All of the data should be repeated exactly; pictures are not part of the copy.

#### Dataset extract:
»»

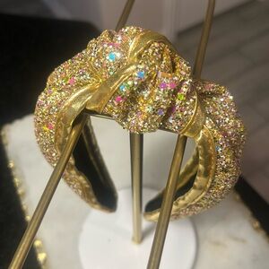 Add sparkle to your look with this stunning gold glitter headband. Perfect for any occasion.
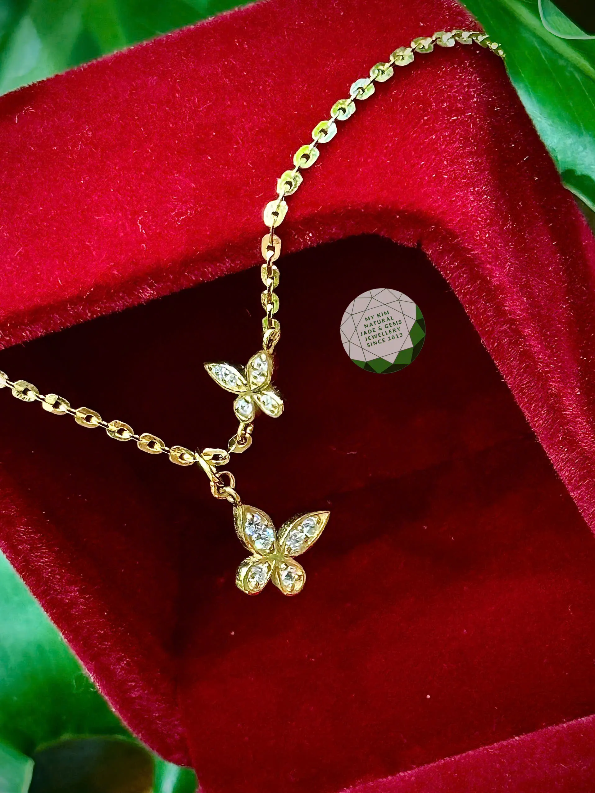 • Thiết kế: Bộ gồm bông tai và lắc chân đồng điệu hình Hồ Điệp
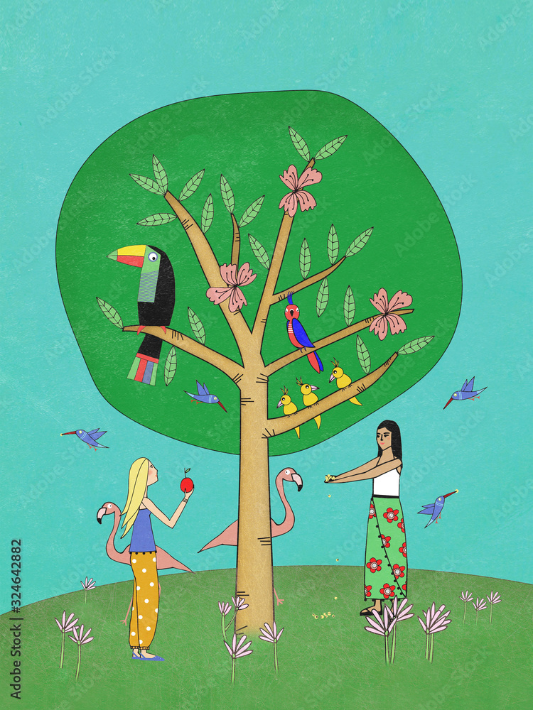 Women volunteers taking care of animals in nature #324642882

««

#### Written response:
 Add sparkle to your look with this stunning gold glitter headband. Perfect for any occasion.
 • Thiết kế: Bộ gồm bông tai và lắc chân đồng điệu hình Hồ Điệp
 Women volunteers taking care of animals in nature #324642882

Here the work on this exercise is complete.